Moments later, another gift seemed to fall in the Dodgers’ lap, when a right hamstring cramp prevented Hammel from staying in the game. But emergency relief pitcher Travis Wood retired all 12 Dodgers he faced, keeping the visitors at bay long enough for Chicago to take the lead.

That happened in the bottom of the fifth, after Zobrist singled and went to third when Yasiel Puig overran the ball. An infield single by Jason Heyward scored Zobrist, and a double to the wall in right by Anthony Rizzo drove in Heyward. Puig threw strongly to Chase Utley, but Yasmani Grandal couldn’t catch Utley’s relay cleanly to apply the tag. A diving stop by Turner at third base, followed by Wood’s seventh strikeout, prevented further damage.

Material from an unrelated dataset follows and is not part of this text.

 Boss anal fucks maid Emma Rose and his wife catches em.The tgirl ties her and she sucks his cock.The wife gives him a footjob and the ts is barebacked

Wood left for a pinch-hitter in the top of the sixth, having allowed the two runs on seven hits and three walks on 87 pitches. In his past six starts — three of them on the road — Wood has a 2.80 ERA, 1.05 WHIP and 12.7 strikeouts per nine innings. 

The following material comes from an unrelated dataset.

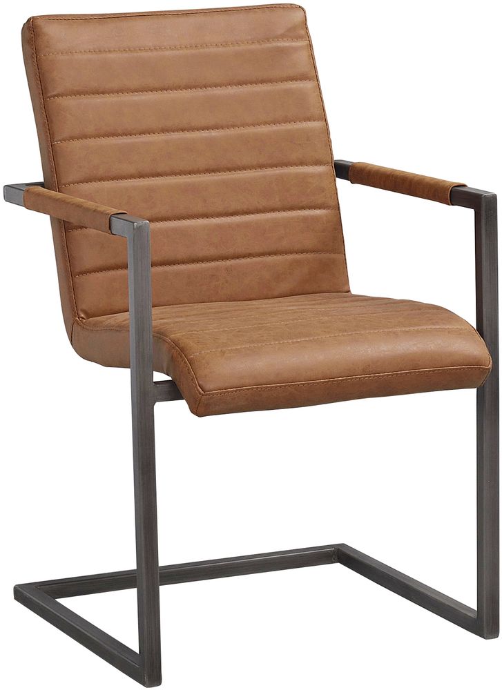 Raw Baker karmstol med cognacfarget kunstlær og ramme i metall. Et riktig stilikon med behagelig svikt og komfort!

Though Louis Coleman and Casey Fien pitched perfect innings, and J.P. Howell and Pedro Baez combined for a scoreless eighth, it was for naught. Justin Grimm, Pedro Strop and Hector Rondon completed the seven innings of perfect relief by Chicago.

It was the first one-hitter against the Dodgers since September 14, 2010, a game the Dodgers actually won at San Francisco. In that time, three teams pitched no-hitters against Los Angeles (Cubs, Astros with Mike Fiers, and a group effort by Seattle). The last Cubs one-hitter against the Dodgers at Wrigley Field was by Hank Borowy on August 31, 1948, with Gene Hermanski getting the only hit.